Indian Agriculture in a Dilemma
India is still an agricultural country
India is an agricultural country. Nobody can dispute this fact, since over 70 percent of the Indian population still depends on agriculture.
Factors that led to agricultural prosperity
There has been a big boost in the Indian agricultural produce over the years. There is no disputing this fact also. No doubt, several factors, such as agricultural universities, construction of dams, use of new, improved technologies and equipment, tube-wells, fertilizers, seeds, new agricultural and irrigational methods, loans to farmers and creating awakening among them, etc. have all helped in changing India from a food importing to a food surplus country. I
The role of monsoon and Poor crop management
Still, one important factor, which has not been recognized or only half-heartedly recognized, is the condescended of the monsoon (rain) god to appear on the scene incessantly for about a decade and a half. Only a few times, this god played truant in certain states like Gujarat and Orissa and we had the well-deserved famines for having not been able to devise any means to do without this god largely, if not completely. – Another strange fact about Indian agriculture is that there is no crop management worth the name. If one year there is a boom of a particular crop in the market, the next year, the farmers will not sow it in large quantities, such that there will be scarcity in the market and the prices of that crop will shoot up and the poor people will be badly hit. This is what happened in the case of potatoes.
Crop rotation
This also happened because some unscrupulous traders, took advantage of the shortage in the market, creating more scarcity by hoarding the potatoes.
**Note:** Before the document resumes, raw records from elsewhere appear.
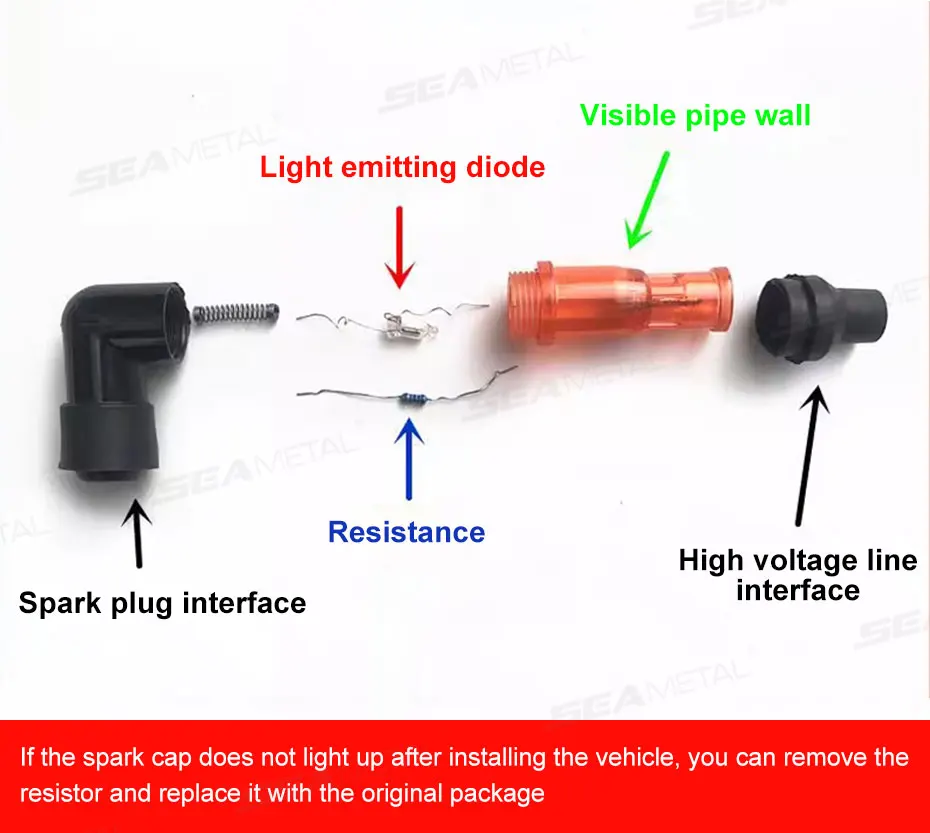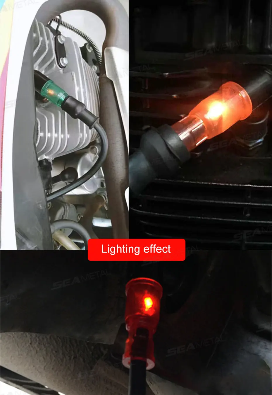 1. Rendimiento de arranque mejorado: experimente la emoción del encendido con cada arranque, ya que nuestra tapa de bujía de destello para motocicleta, con una ventana transparente, le permite ver chispas claras y destellantes, lo que agrega emoción a cada viaje.
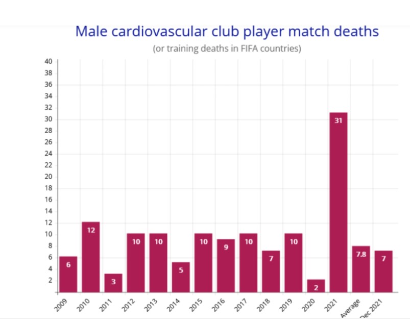2 Responses to Pfizerite ou anxiété à l’approche de la coupe du monde: multiplication par quatre des décès cardiovasculaires de joueurs pro de football ( autant en décembre2021 qu’en une année normale )
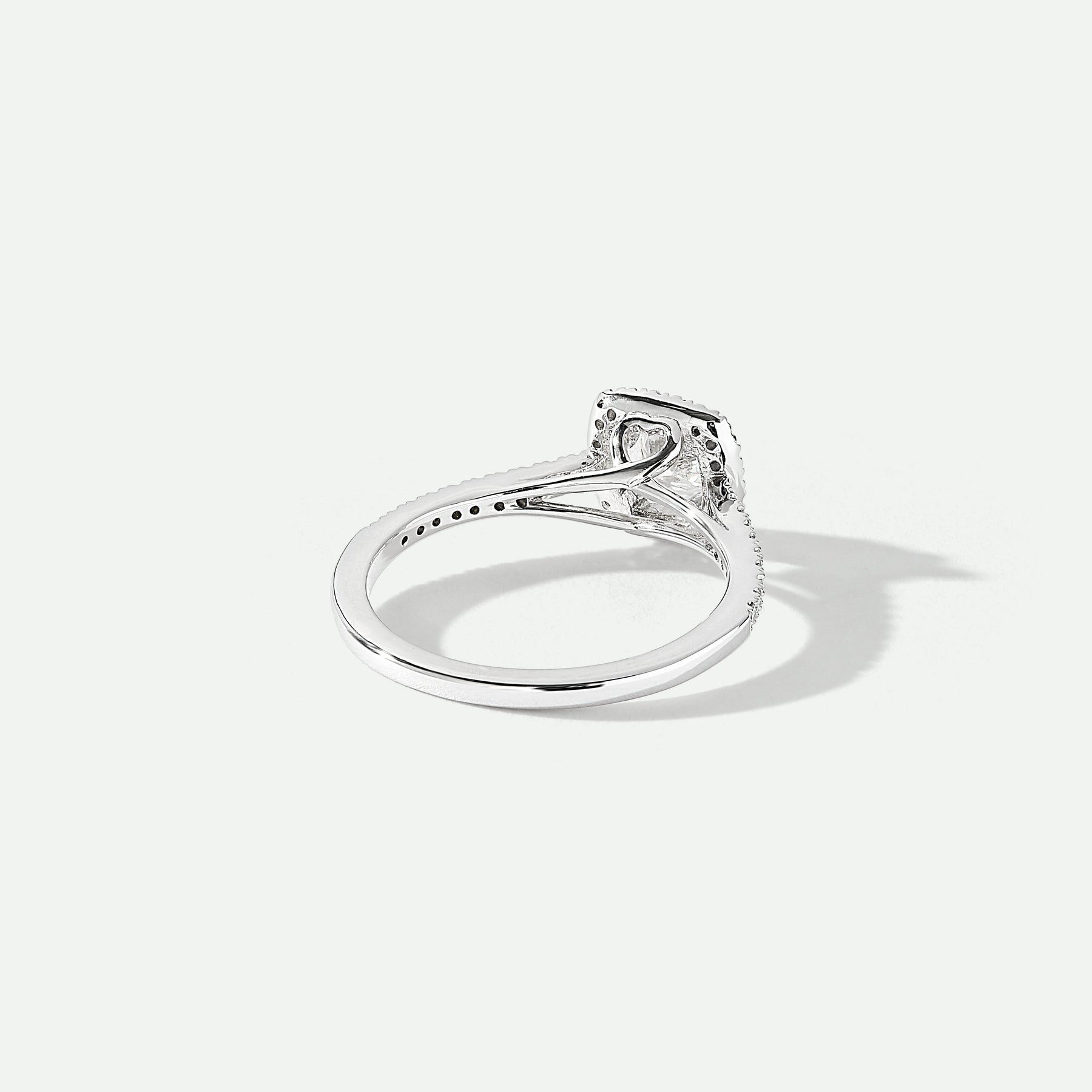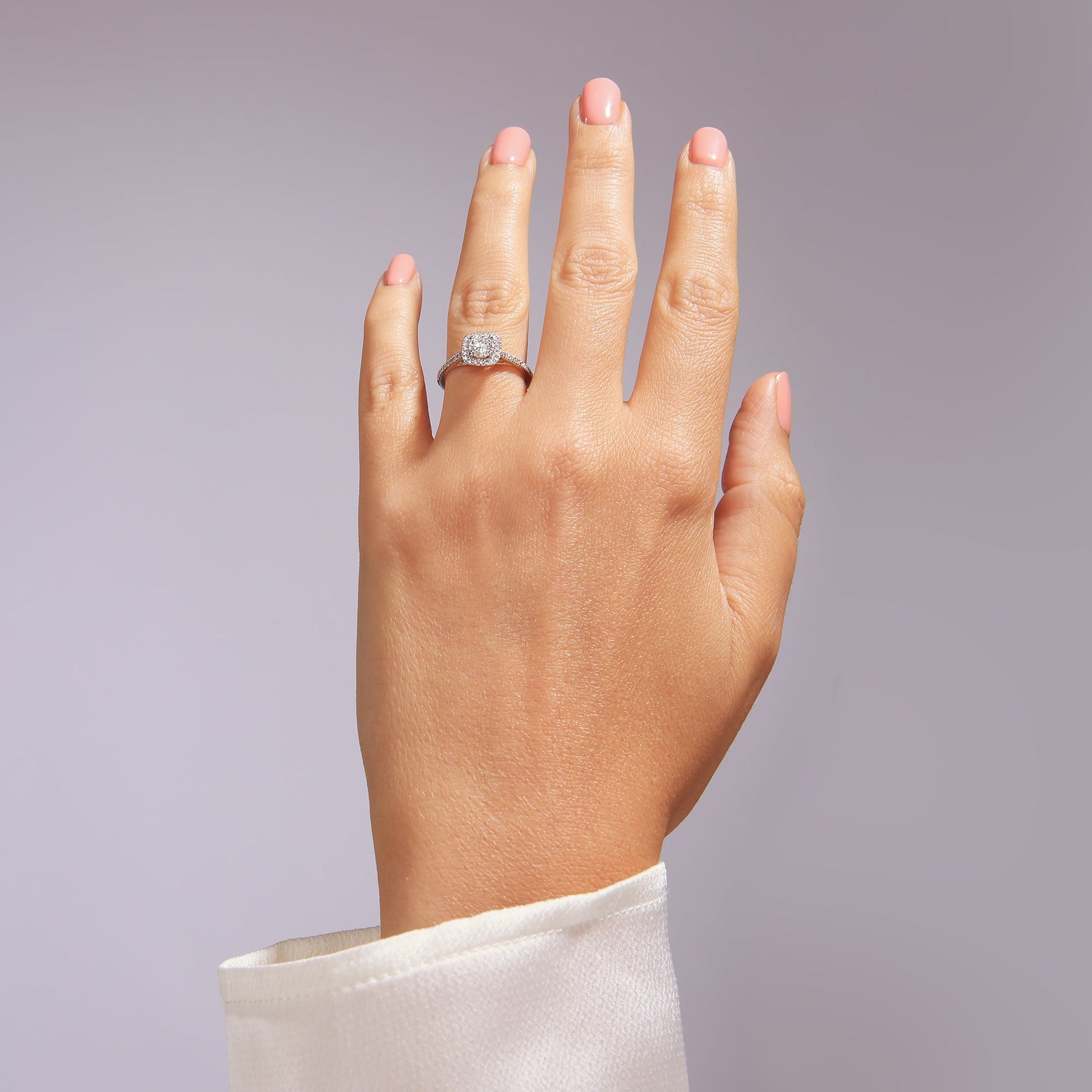 Delicately crafted in gleaming 9 carat white gold, this gorgeous ring design features a sparkling round cut 0.50ct lab grown solitaire diamond, framed by a 0.20ct cushion-shaped halo of pavé set diamonds.

This act of the unscrupulous hoarders while benefiting only themselves, caused great misery to the consumers when even the producers were not benefited in any way.
Sometimes, the government’s lopsided policies only help the unscrupulous hoarders who grow fat at the cost of poor consumers and farmers. A few years ago the crop of onions in Gujarat and Maharashtra was spoiled due to adverse climatic conditions while the government had laid stress on exports and had taken no steps to store the product which was needed by every housewife in the kitchen.
Most pitiably, the government and the producers or others concerned, even more than 55 years after Independence, have not been able to find out adequate remedial means when a particular crop is destroyed by rains, drought, pests and insects, floods, etc.
Claims of superiority hollow
It is quite clear that the Indian agriculture which boasts of being number one in the world is not that in reality. It will be an empty boast to claim superiority for all times to come. Indian agriculture which still largely depends upon the monsoon is quite hollow at the core. Add to it the machinations of bureaucracy and disinterestedness of leaders and powers that be and a lack of awakening among the mass.
Recent policies
This is not to underestimate the achievements of our scientists and others in boosting Indian agriculture. One can only say that in the field of agriculture: “Much has been done but much more remains to be done.”
The glut of food grains in the country poses a big dilemma to the government. Now efforts are being made to shift some areas of land in the northern region from wheat and rice-producing crops to such crops as pulses, oil seeds, medicinal plants and herbs, horticulture, etc.
Lack of adequate preservation and processing facilities.
The lack of adequate food preservation and processing facilities in India causes alternate gluts and scarcity in different crops during different years. This causes misery to farmers and consumers alike, besides being a perennial dilemma for them.